Now, we can rewrite $(2)$ as- $ \log(x) > n \log(n)-2n + O(\log(n))=n\times (\log(n)-2)+ O(\log(n) > C \times n $ $\therefore \log(x) > C \times \log( 2^s) \implies x > C_1 \times 2^s \cdots (3)$.
$C, C_1$ are constants. For sufficient large value of $n$, $C>100, C_1>2$. But inequality $(3)$ contradicts $x=(2^{s-2} \pm 1)$. So, $n,s$ can not be infinite. $\square$
$\textbf{Proof 2:} $ If $n!=a \times 2^s$ and $a$ is the odd number, then $a\geq 2^{n-1}$ . Let, $P(n)$ be the proposition- $n! \geq 2^{2(n-1)}$
BASIS STEP: $P(8)$ is true as $8! > 2^{14}$.
INDUCTIVE STEP: Assume, $P(d)$ is true $(\forall d> d_0)$, we need to show that $P(d+1)$ is true. Form $P(d)$ , $d! \geq 2^{2(d-1)} \implies 4 \times d! \geq 2^{2d} $. Since, $d+1>4, \forall d>4,$ we can write-$ (d+1) > 4 \times d! \geq 2^{2d} $, so, $P(d+1)$ is also true. The inductive step is complete.

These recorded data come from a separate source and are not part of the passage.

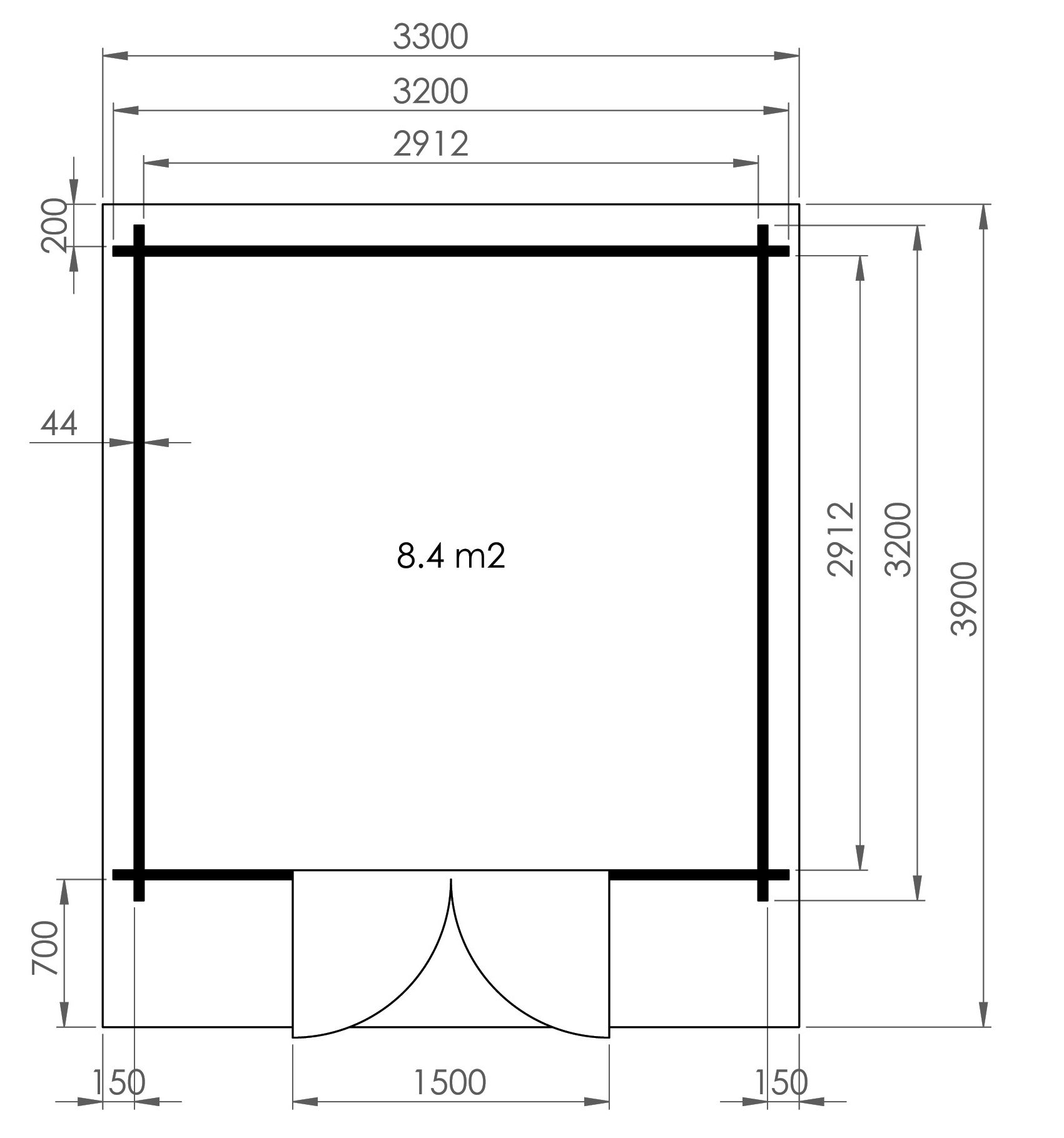 - Sockelmaß: 300 х 300 см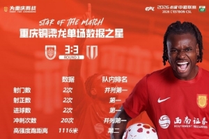 体育资讯3月26日讯 中超第3轮,重庆铜梁龙3-3战平成都蓉城,据铜梁龙官方统计,迪马塔和吴宇曦成为本轮队内关键球员。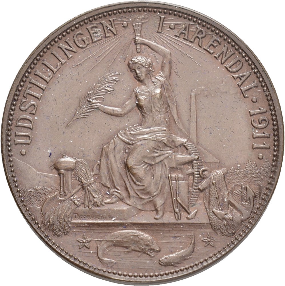 Udstillingen i Arendal 1911. Throndsen. Bronse 43 mm; 29,76 g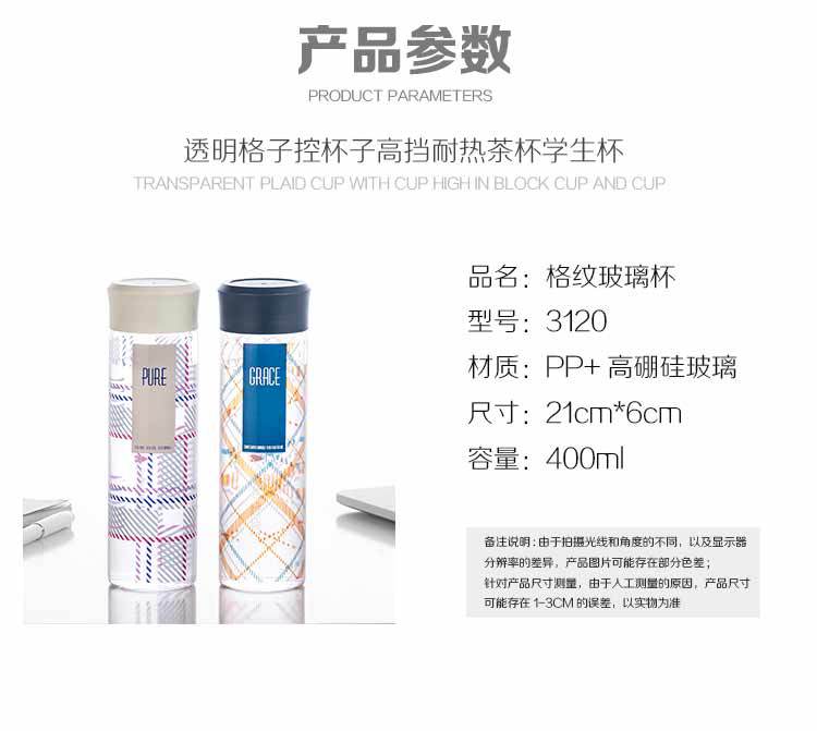 商品属性 [产品名称] 创意简约格子玻璃杯女学生便携随手杯子耐热玻璃茶杯 [品牌] 其他 [容量] 400ML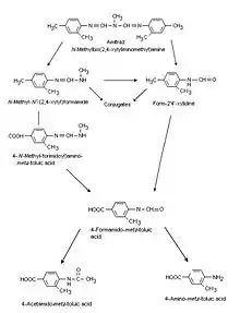 As illustrated in figure 3 the first step is a hydrolysis reaction to N-methyl-N'-(2,4-xylyl)-formamidine, which already can be excreted in the urine but is still pharmacological active.[20][21] Depending on the dose, the quantity of this metabolite in the urine can vary from 4% at low doses to 23%-38% at high doses (e.g. in case of rats: 1–100 mg per kg body weight).[20] As it isn't excreted it also can be oxidized to 4-N-Methyl-formidoyl)amino-meta-toluic acid, which can be further oxidized to 4-formamido-meta-toluic acid.[20] Form-2,4-xylidine is formed directly by hydrolysis from amitraz or arises from N-methyl- N'-(2,4-xylyl)formamidine.[21] During this early stage of biotransformation N-methyl- N'-(2,4-xylyl) formamidine and Form-2,4-xylidine may already form conjugates.[20] But the major route followed after the formation of Form-2,4-xylidine is the oxidation to 4-formamido-meta-toluic acid, which is further metabolized to its acetyl conjugate, 4-acetamido-meta-toluic acid or 4-amino- meta-toluic acid.[20][21] 4-formamido- meta-toluic acid and 4-acetamido- meta-toluic acid make 32% of the metabolites found in urine and are detected at any administered dose. Therefore, they are considered as two of the major metabolites in the amitraz pathway.[20] Form-2',4'-xylidide and 4-amino- meta-toluic acid account only for 2% of the total excretion.[20] In insects different metabolites are formed. N-methyl- N'-(2,4-xylyl)formamidine, Form-2,4-xylidine and 4-Amino-meta-toluic acid occur, but in addition several unidentified metabolites were detected, too.[21]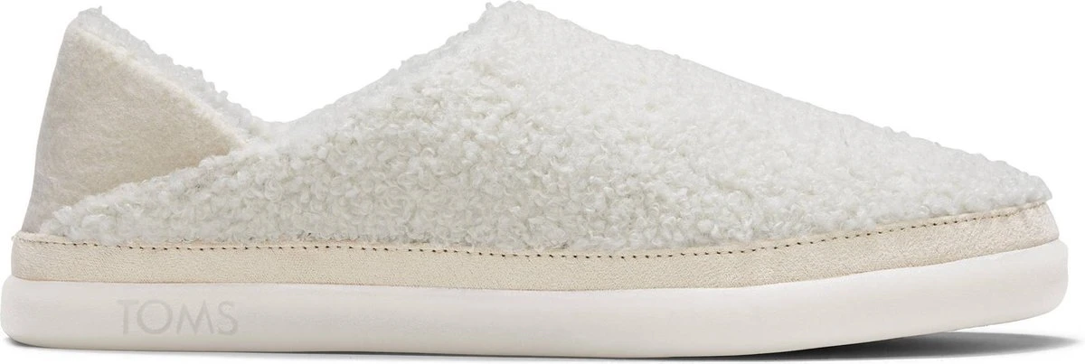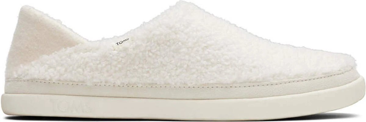 Nooit meer koude voeten met deze heerlijke pantoffels Ezra uit de “Earthwise™-collectie” van het merk Toms. Dit witte model is gemaakt van gerecyclede plastic flessen met een voering van zacht imitatiebont. Leuk detail is het vouwbare hielstuk waardoor je pantoffel in een handomdraai om tovert tot een instapper. De soepele rubberen buitenzool heeft een fijn profiel met merkreliëf. Perfect voor tijdens de koude winterdagen en een leuk cadeau om te geven.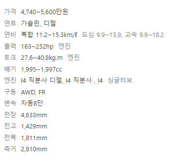 개인적으로는 F바디모델을 가성비의 끝판왕이라고 생각합니다. 실내의 올드함만 참을수 있다면 1000만원초반대에 구매할수있는 F바디를 추천합니다.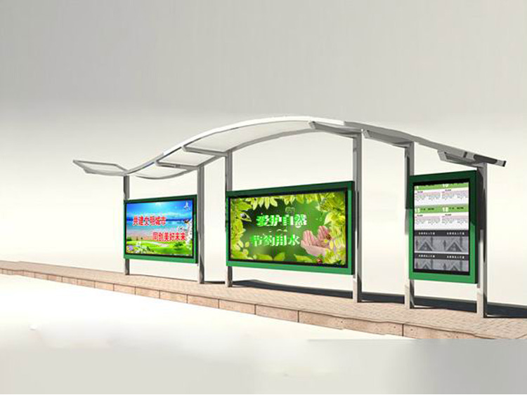 公交車候車亭一般是與公交站牌相配套的,為方便公交乘客候車時遮陽、防雨等,在車站、道路兩旁或綠化帶的港灣式公交停靠站上建設(shè)的交通設(shè)施。由于城市公交的日益發(fā)達,候車亭已發(fā)展成為城市一個不可或缺的重要組成部分,設(shè)計精美的候車亭也成為了城市一道美麗的風景。 一般候車亭棚體主要頂棚、立柱、頂弓、廣告燈箱和坐凳組成,也有用隔板來代替廣告燈箱的。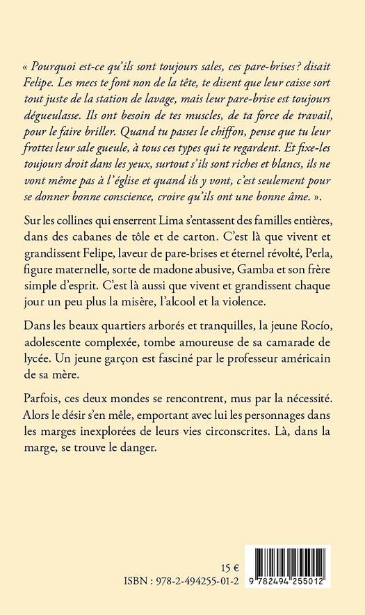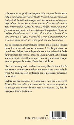 Sur les collines qui enserrent Lima s’entassent des familles entières, dans des cabanes de tôle et de carton. C’est là que vivent et grandissent Felipe, laveur de pare-brises et éternel révolté, Perla, figure maternelle, sorte de madone abusive, Gamba et son frère simple d’esprit. C’est là aussi que vivent et grandissent chaque jour un peu plus la misère, l’alcool et la violence. Dans les beaux quartiers arborés et tranquilles, la jeune Rocío, adolescente complexée, tombe amoureuse de sa camarade de lycée. Un jeune garçon est fasciné par le professeur américain de sa mère. Parfois, ces deux mondes se rencontrent, mus par la nécessité. Alors le désir s’en mêle, emportant avec lui les personnages dans les marges inexplorées de leurs vies circonscrites. Là, dans la marge, se trouve le danger.
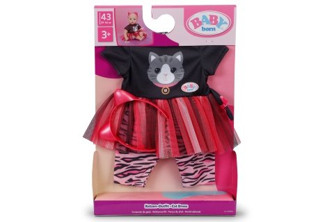 Pozor, milovníci kočiček! Kočičí outfit BABY born kombinuje roztomilost se stylovým provedením. Šatičky s tylovou sukýnkou, kalhoty a čelenka s oušky promění každé hraní v krásný zážitek. Tento outfit inspiruje k tvořivým hrám a příběhům. Vhodné pro panenky velikosti 43 cm i pro BABY born medvídky. Věk 3+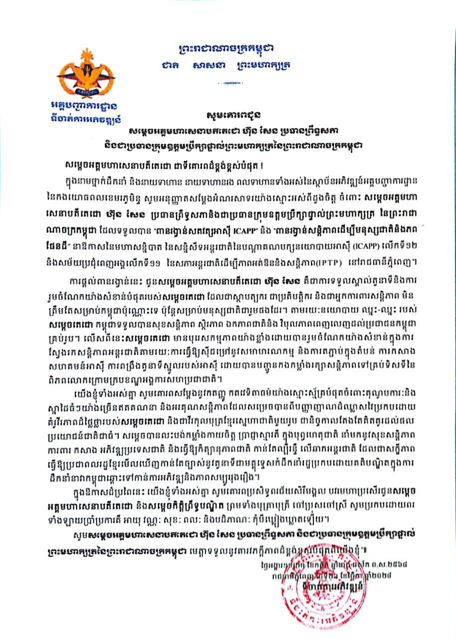 យើងខ្ញុំទាំងអស់គ្នា សូមគោរពសម្តែងនូវ កតញ្ញូ កតវេទិតាធម៌យ៉ាងស្មោះស្ម័គ្របំផុត ចំពោះគុណូបការៈ និងស្នាដៃធំៗយ៉ាងច្រើនឥតគណនា និងអរគុណសន្តិភាពដែលសម្រេចបានពីបញ្ញាញាណដ៏ឈ្លាសវៃ ប្រកបដោយគំរូវីរភាពដ៏ថ្លៃថ្លា របស់សម្ដេចតេជោ និងជាវីរកុលបុត្រ ខ្មែរស្នេហាជាតិមួយរូបជានិច្ចកាលតែង តែគិតគូរដល់ផលប្រយោជន៍ជាតិជាធំ។ សម្តេច បានលះបង់កម្លាំងកាយចិត្ត ប្រាជ្ញាស្មារតី ក្នុងបុព្វហេតុជាតិ នាំមកនូវសុខសន្តិភាព ការពារ កសាង អភិវឌ្ឍ ប្រទេសជាតិ និងធ្វើឱ្យកិត្យានុភាពជាតិ កាន់តែល្បីរន្ទឺលើឆាកអន្តរជាតិ ដែលជាសក្ខីភាព ធ្វើឱ្យប្រជាពលរដ្ឋខ្មែរ មើលឃើញកាន់តែច្បាស់នូវតួនាទីជាមគ្គុទ្ទេសក៍ដឹកនាំរដ្ឋប្រកបដោយគតិបណ្ឌិត ក្នុងការដឹកនាំនាវាកម្ពុជា ឆ្ពោះទៅកាន់ការអភិវឌ្ឍ និងភាពសម្បូររុងរឿង។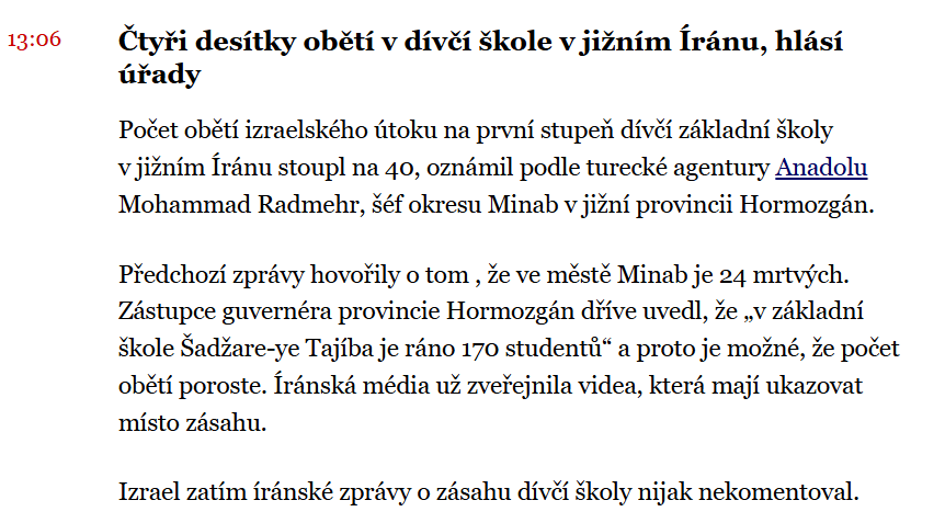 Zprávám o Íránských obětech věřím asi jako těm od Hamásu.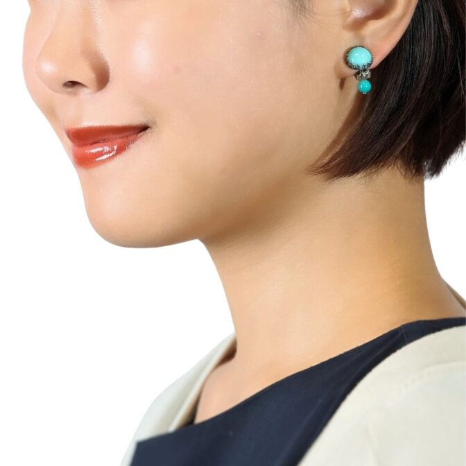 鮮やかなライトブルーが美しいターコイズのイヤリング。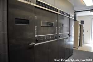 Two buildings over from WXXI is the similar-looking brick building of Rochester’s ABC affiliate, WHAM-TV (Channel 13), and we stop upstairs there for a quick “before” peek. This is an unusual room here, because it still contains every transmitter Channel 13 has used since it signed on in 1962 as WOKR. That massive original 1962 RCA transmitter still has pride of place in the middle of the room, with the G-Line RCA that succeeded it built into a wall to the left. To the right is the current solid-state Larcan that powers WHAM-TV’s current digital signal on RF 13, but not for much longer – WHAM-TV will be repacked to RF 9 soon.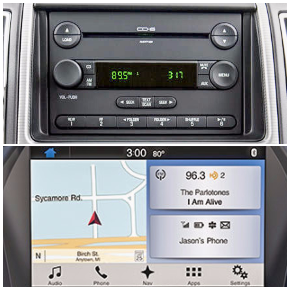 First, radio no longer has an exclusive hold on what has been its most powerful delivery method, the automobile dashboard. As recently as ten years ago, most cars came standard with an AM/FM radio, usually with a CD or cassette player built in. Now, radio is just one of many choices sharing a touchscreen in the center of the dashboard, putting it on an equal playing field with everything from satellite radio to on-demand music services to podcasts, not to mention almost any app on a user’s smartphone. The image on top is a 2007 Ford radio. On the bottom is the screen of the Ford Sync system in their 2017 models.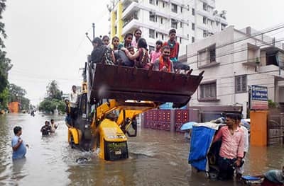 मुसळधार पावसामुळे बिहारमधील जनजीवन विस्कळीत झाले आहे. सर्वत्र पाणि साचल्यामुळे रस्त्यांनाही नद्यांचे स्वरुप आलं आहे. यामुळे अनेकजण पाण्यात अडकले आहेत. यासाठी एनडीआरएफच्या दोन बोट राजेंद्र नगरमधील अडकलेल्या लोकांना बाहेर काढण्याचे काम करत आहे.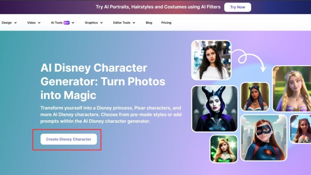Go to the LightX AI website or App. Click on “Create Disney Character” in the top menu.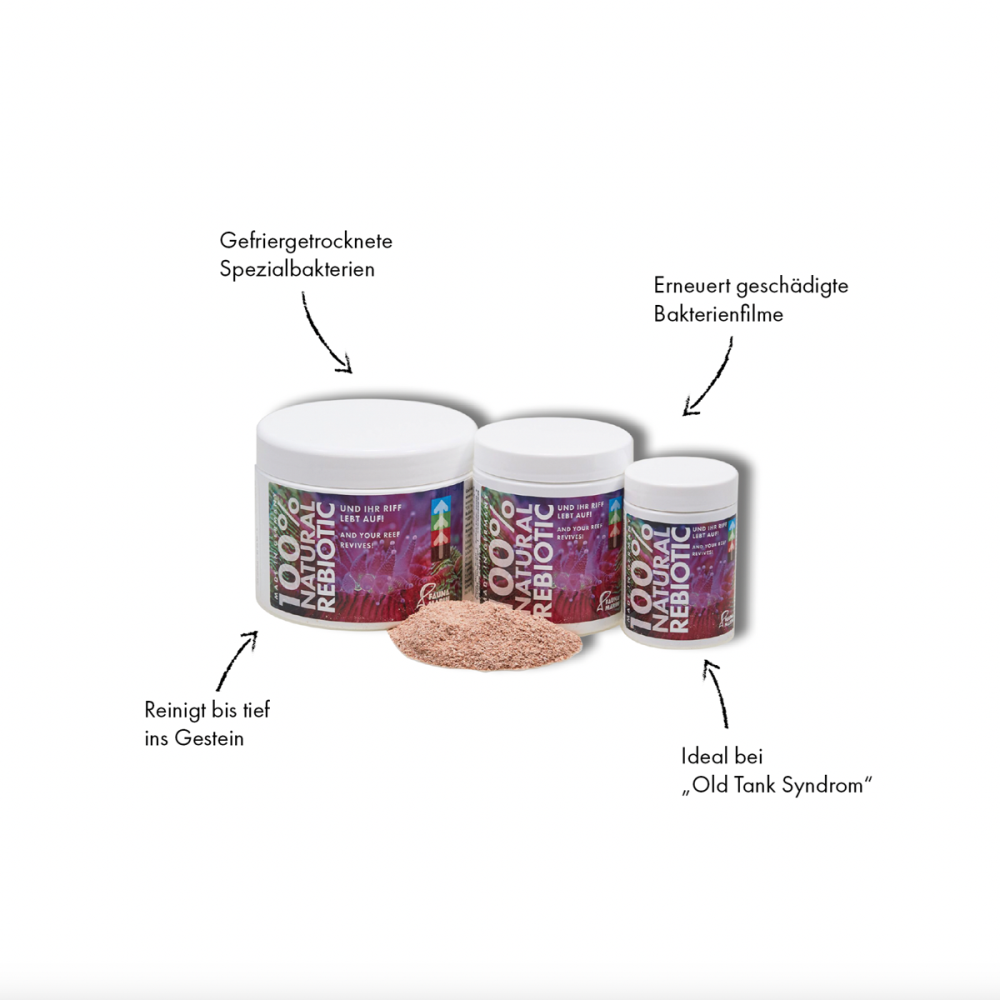 Gefriergetrocknete Spezialbakterien-Mischung zur Wiederherstellung eines stabilen Bakterienmilieus im Meerwasser. REBIOTIC Spezialbakterien erneuern die Bakterienfilme in Riffaquarien, die durch Systemwechsel oder dem “Old Tank Syndrom” beschädigt wurden oder nicht mehr voll funktionsfähig sind.

Thus, $n! \geq 2^{2(n-1)}$. But then, $a \times 2^{n-1} \geq 2^{2n-2}$ $[\because s \leq n-1]$
$\implies a \geq 2^{2n-2-n+1}=2^{n-1}$. So, $n,s$ can not be infinite. $\square$
Query: Is there any error in the above proof? If there is an error, explain the error as an answer. Also, if you have an alternative / correct proof, please post.
Related Post: Finitely many Positive Integers $n, s $ such that $n!=2^s(2^{s−2}−1)$. This post has an argument for $n!=2^s(2^{s−2}−1)$ using a result of Cameron Stewart, whereas current post concerns with the general case $n!=2^s(2^{s−2} \pm 1)$.
Reference:
- Stopple, J. , A Primer of Analytic Number Theory, Cambridge University Press.